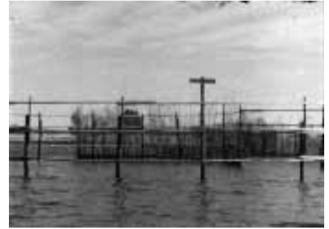
A fish weir.

The groundfishermen aren't the only ones complaining about the herring trawlers. In May 2007, 12 organizations came together to form the Herring Alliance. The Alliance, which includes such organizations as the Pew Charitable Trust, National Resources Defense Council, and the Conservation Law Foundation, hopes to reform the Atlantic herring fishery to protect and restore marine ecosystems in the northeastern United States. Herring are at the base of the food web. In other words, the little fish are essential for bigger fish (including tuna, cod, and haddock), marine mammals like seals and whales, and seabirds. Herring also serve a vital role in Maine's most lucrative fishery—as lobster bait. The mission of the Herring Alliance is to manage the herring fishery with respect to the marine ecosystem, preserving
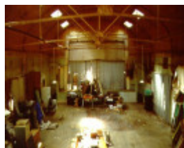
H01973 mirboo on tarwin hall interior 2001
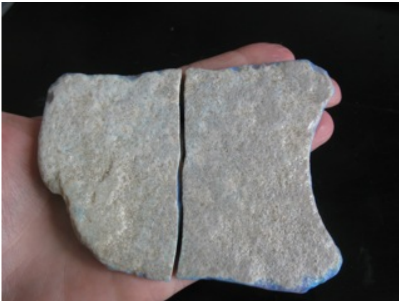
7. $230 IMG_0661 Mintubi Dark Base - Black $100/oz - these two pieces fit together, collector's opal 4" x 3" x .125" thick 2.3oz
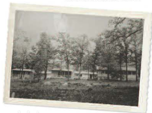
Mockingbird Resort as it appeared in the 1960s
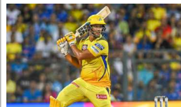
Multi-dimensional: Dube has shown that there's a lot more to him than just smashing the spinners out of sight. EMMANUEL YOGINI
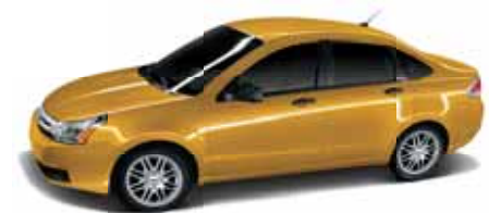
Amber Gold Metallic
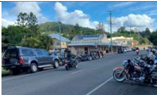
Lunch stop at Imbil #1

__PROBLEM REQUIREMENTS__. If a picture falls within the span, leave it out, and reproduce exactly the lines from the one containing "7. $230 IMG_0661" through the end of the material, and no others.

__WORKED SOLUTION__.
7. $230 IMG_0661 Mintubi Dark Base - Black $100/oz - these two pieces fit together, collector's opal 4" x 3" x .125" thick 2.3oz
Mockingbird Resort as it appeared in the 1960s
Multi-dimensional: Dube has shown that there's a lot more to him than just smashing the spinners out of sight. EMMANUEL YOGINI
Amber Gold Metallic
Lunch stop at Imbil #1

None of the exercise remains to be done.